The International Criminal Court (ICC) has declared Vladimir Putin a wanted man. He stands accused of war crimes, specifically the unlawful deportation and transfer of Ukrainian children to Russia. As a signatory to the Rome Statute, Mongolia was obliged to arrest him on his arrival on September 2. Instead, it rolled out the red carpet.

Of course, Putin would never have traveled if there was any chance of an arrest. The country had already assured Moscow the president would not be detained.

Sandwiched between two powerful neighbors, Russia and China, Mongolia has long been constrained in its freedom of maneuver, so Putin’s choice makes ruthless sense.

The issue has clearly been playing on the mind of the wanted man. He was forced to avoid the BRICS summit in South Africa last year, after the hosts first requested ICC exemption from arresting Putin and then negotiated non-attendance with the Russian leadership.

South African President Cyril Ramaphosa explained that an attempt to arrest Putin would be seen as a declaration of war with Russia. Mongolia is likely to have been guided by the same fear.

The Kremlin said Putin’s visit was at the invitation of Mongolian President Ukhnaa Khurelsukh, so he could join commemorations for the 85th anniversary of the Soviet-Mongolian victory over Japan at the Khalkhin Gol River.

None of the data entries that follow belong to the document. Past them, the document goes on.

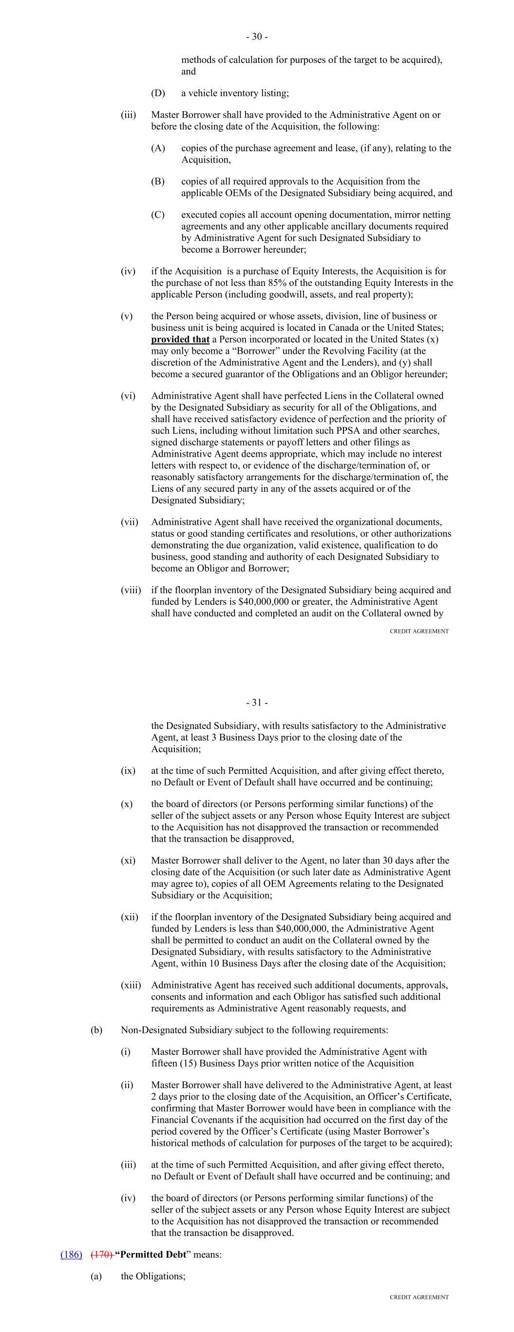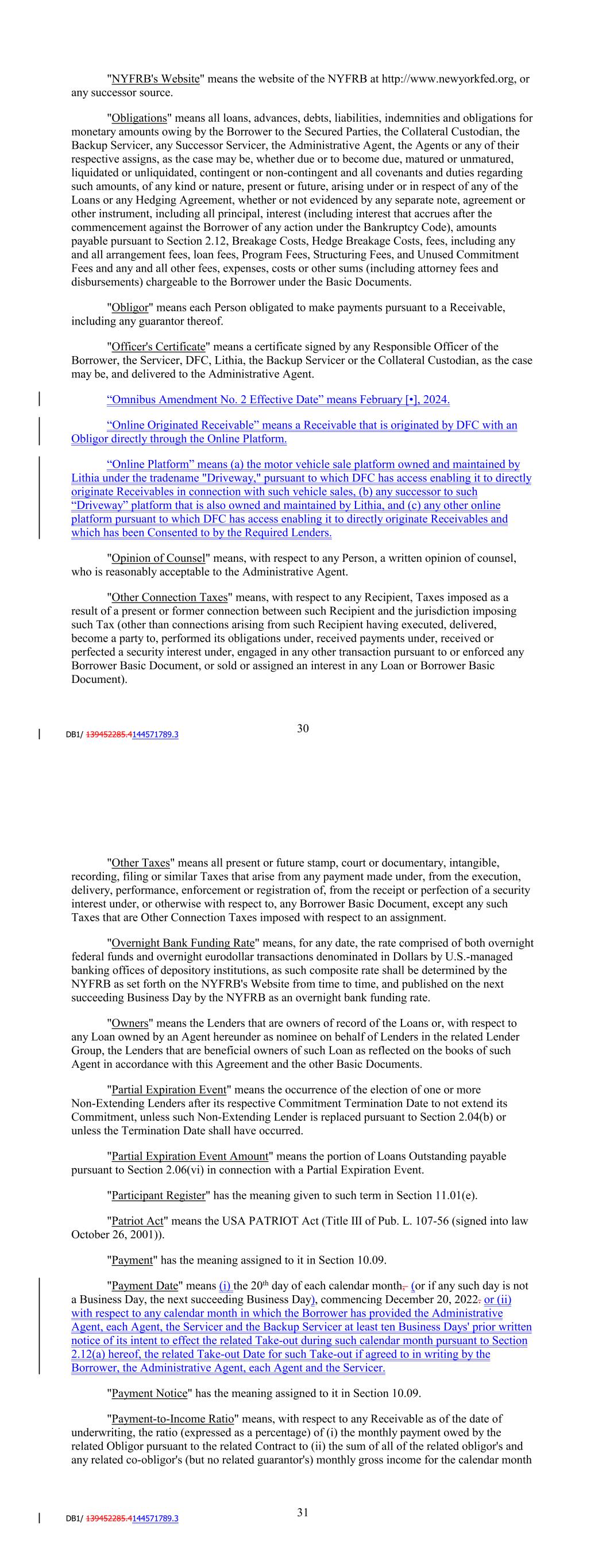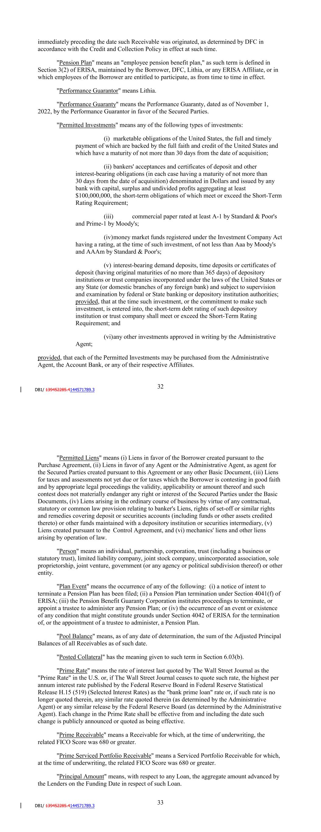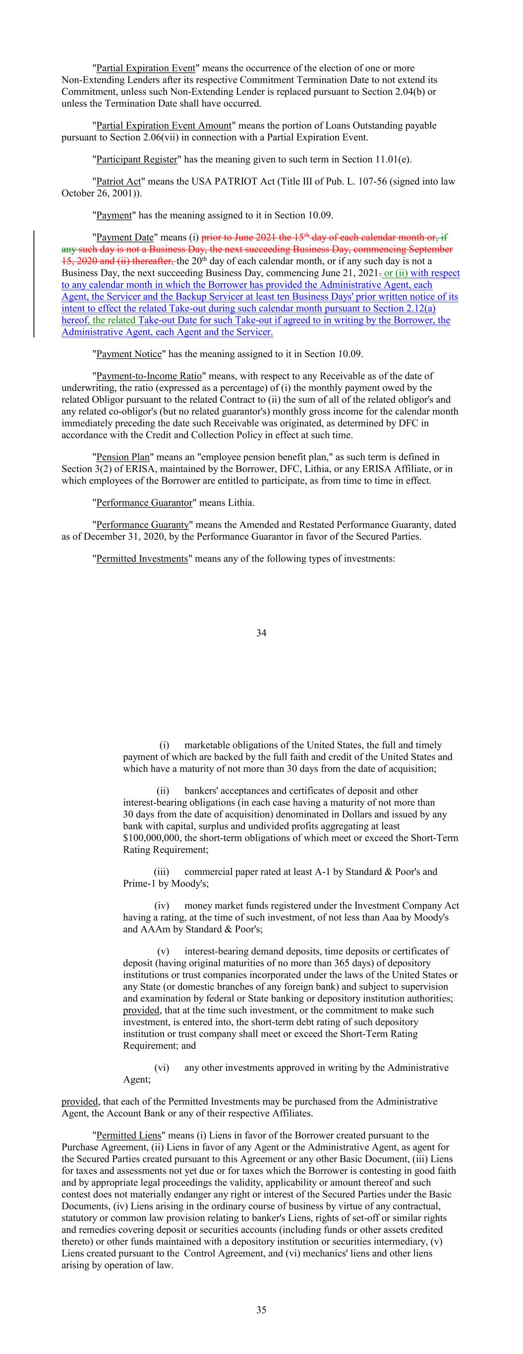 "Partial Expiration Event" means the occurrence of the election of one or more Non-Extending Lenders after its respective Commitment Termination Date to not extend its Commitment, unless such Non-Extending Lender is replaced pursuant to Section 2.04(b) or unless the Termination Date shall have occurred. "Partial Expiration Event Amount" means the portion of Loans Outstanding payable pursuant to Section 2.06(vii) in connection with a Partial Expiration Event. "Participant Register" has the meaning given to such term in Section 11.01(e). "Patriot Act" means the USA PATRIOT Act (Title III of Pub. L. 107-56 (signed into law October 26, 2001)). "Payment" has the meaning assigned to it in Section 10.09. "Payment Date" means (i) prior to June 2021 the 15th day of each calendar month or, if any such day is not a Business Day, the next succeeding Business Day, commencing September 15, 2020 and (ii) thereafter, the 20th day of each calendar month, or if any such day is not a Business Day, the next succeeding Business Day, commencing June 21, 2021. or (ii) with respect to any calendar month in which the Borrower has provided the Administrative Agent, each Agent, the Servicer and the Backup Servicer at least ten Business Days' prior written notice of its intent to effect the related Take-out during such calendar month pursuant to Section 2.12(a) hereof, the related Take-out Date for such Take-out if agreed to in writing by the Borrower, the Administrative Agent, each Agent and the Servicer. "Payment Notice" has the meaning assigned to it in Section 10.09. "Payment-to-Income Ratio" means, with respect to any Receivable as of the date of underwriting, the ratio (expressed as a percentage) of (i) the monthly payment owed by the related Obligor pursuant to the related Contract to (ii) the sum of all of the related obligor's and any related co-obligor's (but no related guarantor's) monthly gross income for the calendar month immediately preceding the date such Receivable was originated, as determined by DFC in accordance with the Credit and Collection Policy in effect at such time. "Pension Plan" means an "employee pension benefit plan," as such term is defined in Section 3(2) of ERISA, maintained by the Borrower, DFC, Lithia, or any ERISA Affiliate, or in which employees of the Borrower are entitled to participate, as from time to time in effect. "Performance Guarantor" means Lithia. "Performance Guaranty" means the Amended and Restated Performance Guaranty, dated as of December 31, 2020, by the Performance Guarantor in favor of the Secured Parties. "Permitted Investments" means any of the following types of investments: 34 (i) marketable obligations of the United States, the full and timely payment of which are backed by the full faith and credit of the United States and which have a maturity of not more than 30 days from the date of acquisition; (ii) bankers' acceptances and certificates of deposit and other interest-bearing obligations (in each case having a maturity of not more than 30 days from the date of acquisition) denominated in Dollars and issued by any bank with capital, surplus and undivided profits aggregating at least $100,000,000, the short-term obligations of which meet or exceed the Short-Term Rating Requirement; (iii) commercial paper rated at least A-1 by Standard & Poor's and Prime-1 by Moody's; (iv) money market funds registered under the Investment Company Act having a rating, at the time of such investment, of not less than Aaa by Moody's and AAAm by Standard & Poor's; (v) interest-bearing demand deposits, time deposits or certificates of deposit (having original maturities of no more than 365 days) of depository institutions or trust companies incorporated under the laws of the United States or any State (or domestic branches of any foreign bank) and subject to supervision and examination by federal or State banking or depository institution authorities; provided, that at the time such investment, or the commitment to make such investment, is entered into, the short-term debt rating of such depository institution or trust company shall meet or exceed the Short-Term Rating Requirement; and (vi) any other investments approved in writing by the Administrative Agent; provided, that each of the Permitted Investments may be purchased from the Administrative Agent, the Account Bank or any of their respective Affiliates. "Permitted Liens" means (i) Liens in favor of the Borrower created pursuant to the Purchase Agreement, (ii) Liens in favor of any Agent or the Administrative Agent, as agent for the Secured Parties created pursuant to this Agreement or any other Basic Document, (iii) Liens for taxes and assessments not yet due or for taxes which the Borrower is contesting in good faith and by appropriate legal proceedings the validity, applicability or amount thereof and such contest does not materially endanger any right or interest of the Secured Parties under the Basic Documents, (iv) Liens arising in the ordinary course of business by virtue of any contractual, statutory or common law provision relating to banker's Liens, rights of set-off or similar rights and remedies covering deposit or securities accounts (including funds or other assets credited thereto) or other funds maintained with a depository institution or securities intermediary, (v) Liens created pursuant to the Control Agreement, and (vi) mechanics' liens and other liens arising by operation of law. 35
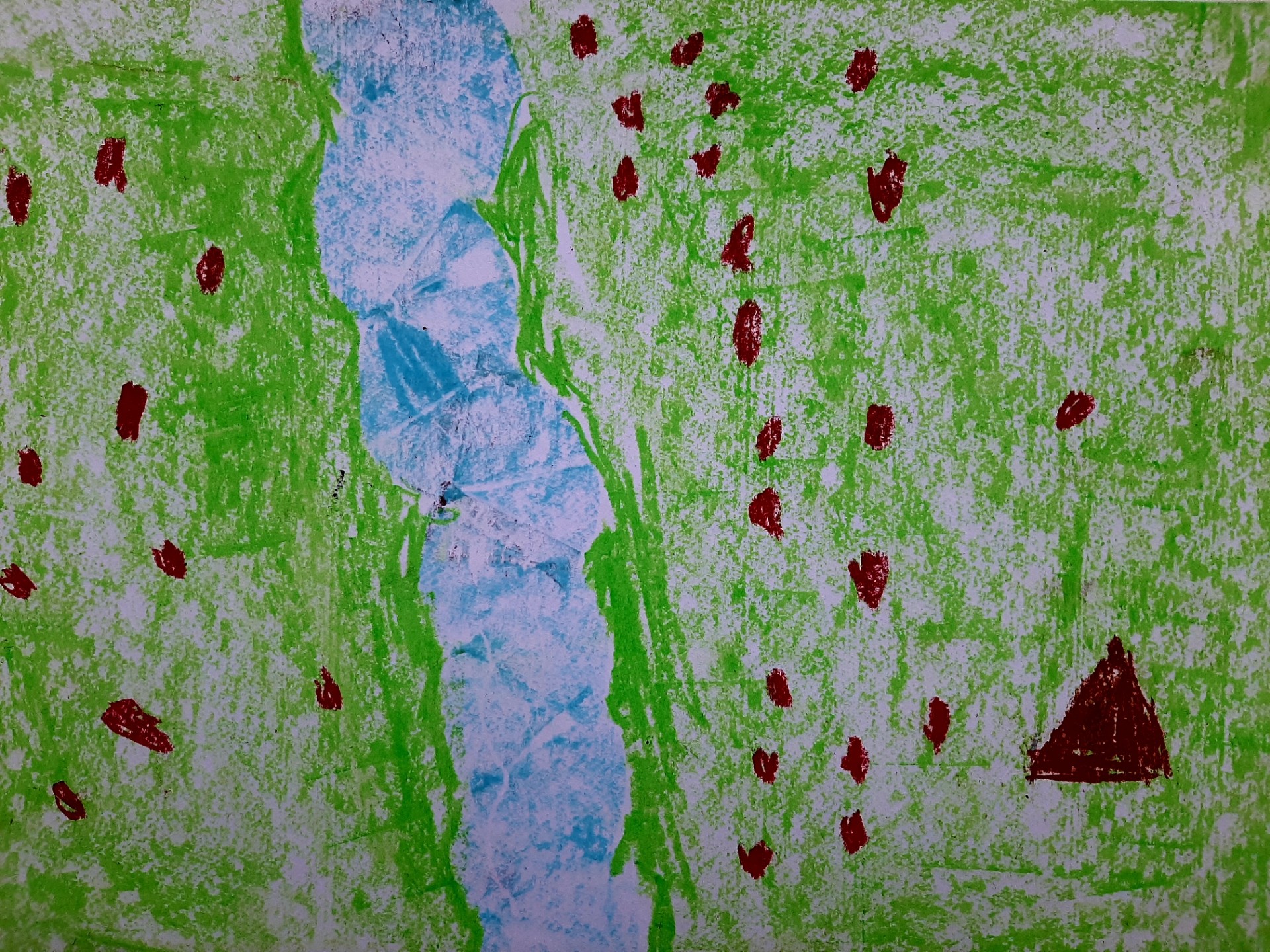 Burbuļodama strauja upīte tek caur pļavu. Man patīk rotaļāties pie upītes.
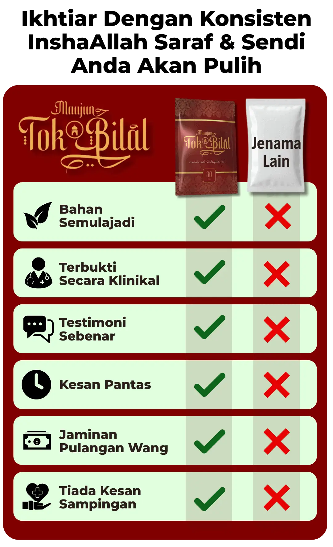 Bagi anda yang mengalami masalah saraf & sendi, sakit lutut, angin, kebas kebas dan seangkatan dengannya, anda digalakkan untuk amalkan Maajun Tok Bilal Ni.
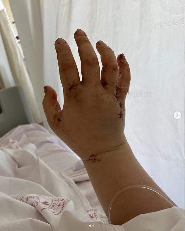 مروه وزیر اوغلو دست کبود و بخیه خورده خود را به اشتراک گذاشت. او نوشت: «دعا و محبت شما شامل حال من شد.
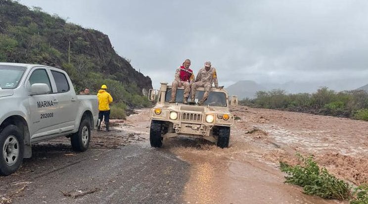 Con el apoyo de efectivos del ejército Mexicano, Guardia Naciona, Policía Estatal Preventiva y Bomberos, esta tarde fueron rescatados con vida los tres pasajeros y el conductor del autobús de la empresa ABC que intentó cruzar el aroyyo en el tramo Puerto Esoncido-Loreto y que viajaba de Norte a Sur, y que fue arrastrado por la corriente de aguas broncas de las lluvias que ha provocado los efectos del huracán «Kay».

While it has framed the trip as a diplomatic and historical event, there are several targets Moscow wants to hit.

First, to distract attention from the developments in Kursk and to help maintain Putin’s image as a strong leader at home and abroad. It is difficult to reestablish Russia as a respected global power when its president is in isolation and has not attended key international gatherings for two years.

Kremlin advisors hope his “fearless” appearance will send a signal to his supporters that the West cannot dictate terms to Russia. His approval rating, though still extremely high, fell a little to 73.6% from 77.1% during August amid Moscow’s lethargic response to the Kursk incursion.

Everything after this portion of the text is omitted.